When classes are designed this way, it creates a situation where the ordering of calls and handling of data becomes very important. Without extreme care brittle code is the result. A great example of this is the .NET List class. Any call that uses this class can potentially cause its contents to change.

type ListData =
    struct
      val mutable Number: int
      val mutable Name: string
      new( number, name ) = { Number = number; Name = name }
      override this.ToString() =
          String.Format( "Number: {0}, Name: {1}", this.Number, this.Name )
    end

let clrList = new List<ListData>( [| new ListData(1, "Johnny");
                                     new ListData(5, "Lisa");
                                     new ListData(3, "Mark") |]);

> clrList.ToArray();;
val it : ListData [] =
  [|Number: 1, Name: Johnny; Number: 5, Name: Lisa; Number: 3, Name: Mark|]

let sortedClrList =
    let ListDataComparison (d1:ListData) (d2:ListData) =
        d1.Number - d2.Number in
        clrList.Sort( ListDataComparison )
    clrList

> sortedClrList.ToArray();;
val it : ListData [] =
  [|Number: 1, Name: Johnny; Number: 3, Name: Mark; Number: 5, Name: Lisa|]

> clrList.ToArray();;
val it : ListData [] =
  [|Number: 1, Name: Johnny; Number: 3, Name: Mark; Number: 5, Name: Lisa|]

let reversedClrList =
    clrList.Reverse()
    clrList

> reversedClrList.ToArray();;
val it : ListData [] =
  [|Number: 5, Name: Lisa; Number: 3, Name: Mark; Number: 1, Name: Johnny|]

> sortedClrList.ToArray();;
val it : ListData [] =
  [|Number: 5, Name: Lisa; Number: 3, Name: Mark; Number: 1, Name: Johnny|]

> clrList.ToArray();;
val it : ListData [] =
  [|Number: 5, Name: Lisa; Number: 3, Name: Mark; Number: 1, Name: Johnny|]

One commonly used method of avoiding data mutation is to explicitly clone the class each time it is passed. This adds extra code to your program and makes it slower, but at least it allows some semblance of safety.

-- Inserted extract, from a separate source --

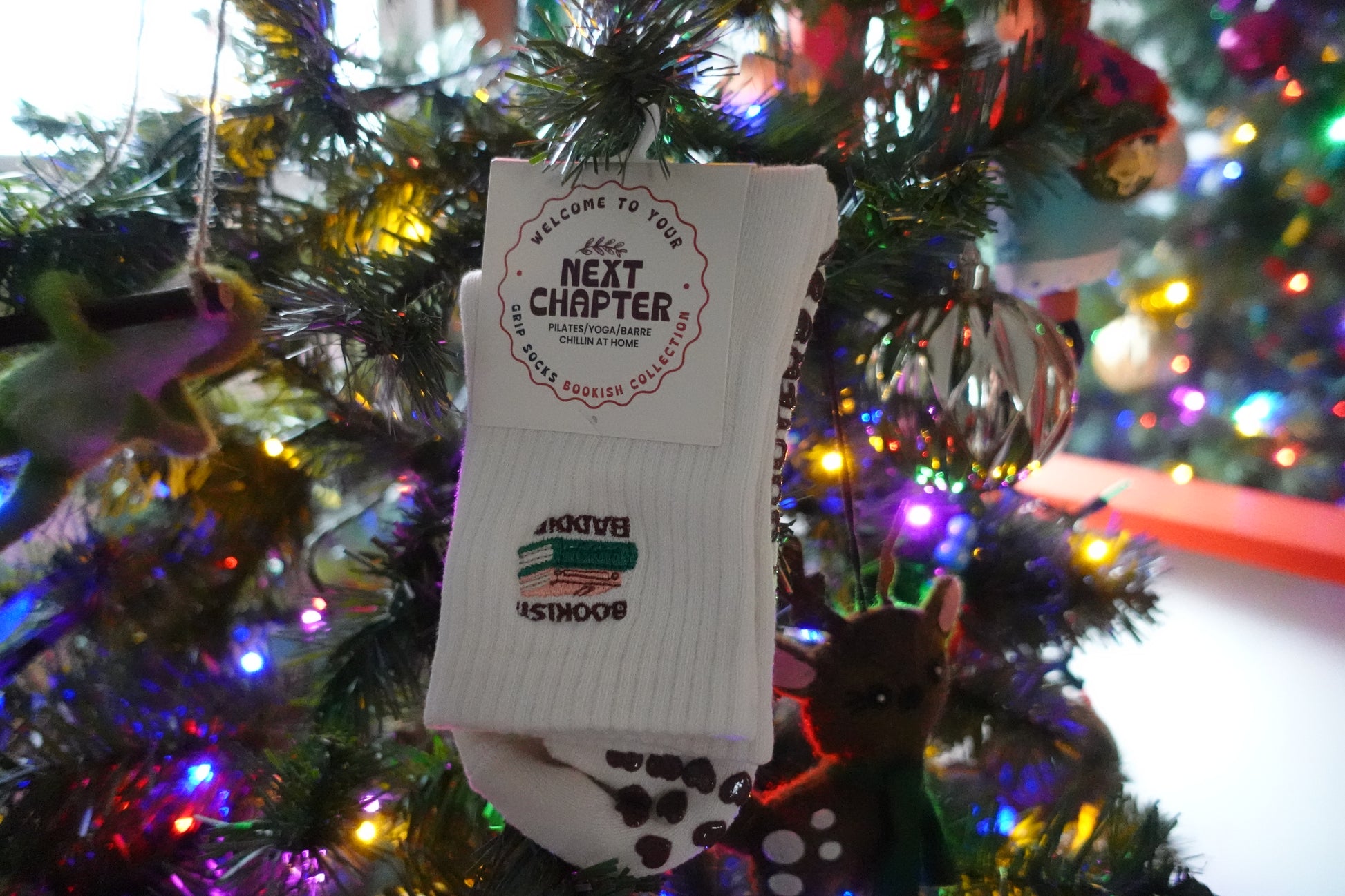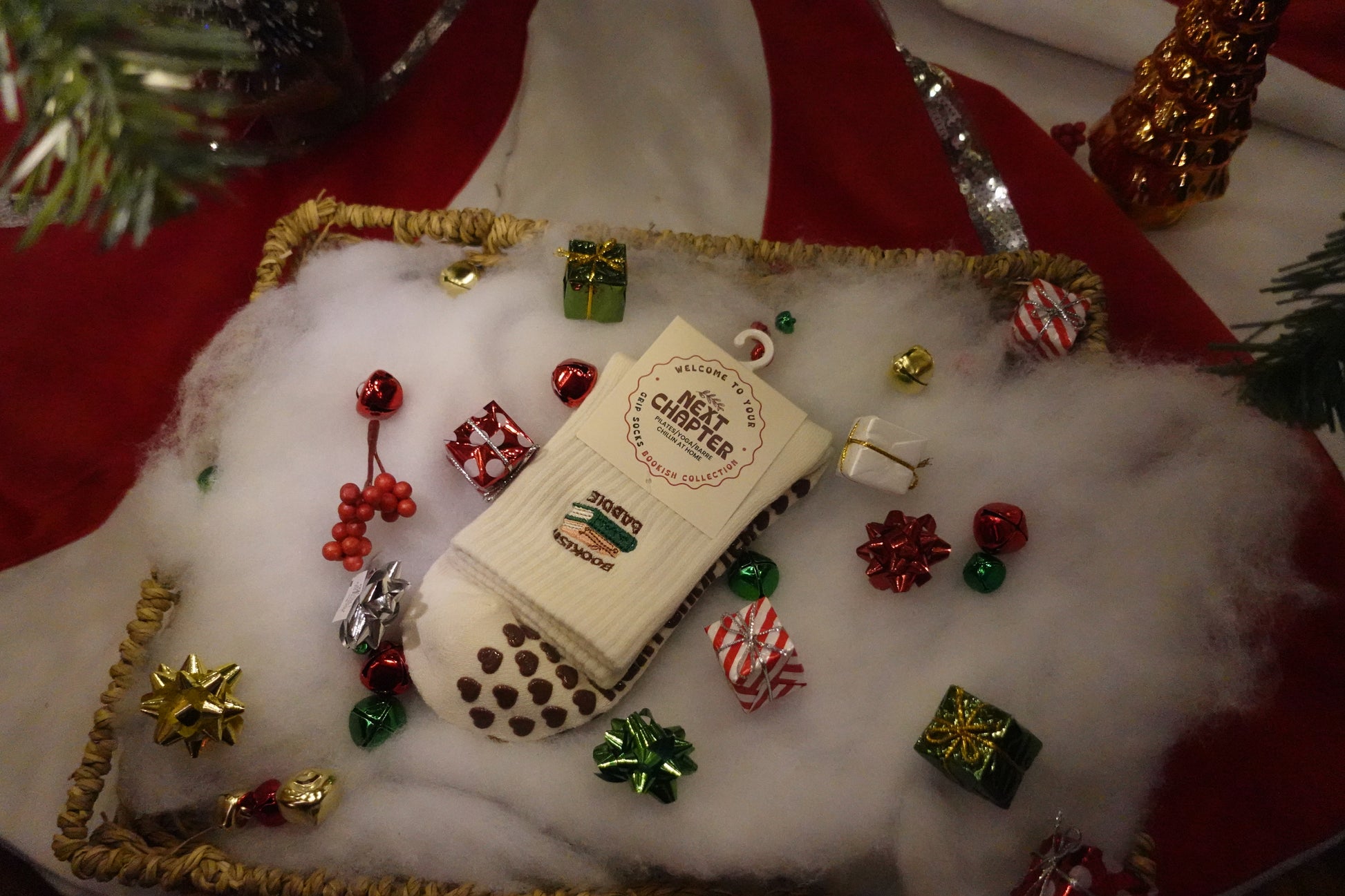 Step into comfort with these cozy socks designed for readers and wellness enthusiasts alike. "Bookish Baddie" Embroidered and crafted from a breathable cotton-blend fabric with just enough spandex for gentle arch-hugging compression, they're perfect whether you're curling up with your latest page-turner or flowing through yoga class. The extra-cushion support keeps your feet happy during Pilates, barre, or lazy afternoons at home. Easy care: machine wash inside out in cold water, then air dry. Because the best stories deserve the coziest feet.

let clrList = new List<ListData>( [| new ListData(1, "Johnny");
                                     new ListData(5, "Lisa");
                                     new ListData(3, "Mark") |]);
let sortedClrList =
    let newList = new List<ListData>(clrList)
    let ListDataComparison (d1:ListData) (d2:ListData) =
        d1.Number - d2.Number in
        newList.Sort( ListDataComparison )
    newList

> sortedClrList.ToArray();;
val it : ListData [] =
  [|Number: 1, Name: Johnny; Number: 3, Name: Mark; Number: 5, Name: Lisa|]

> clrList.ToArray();;
val it : ListData [] =
  [|Number: 1, Name: Johnny; Number: 5, Name: Lisa; Number: 3, Name: Mark|]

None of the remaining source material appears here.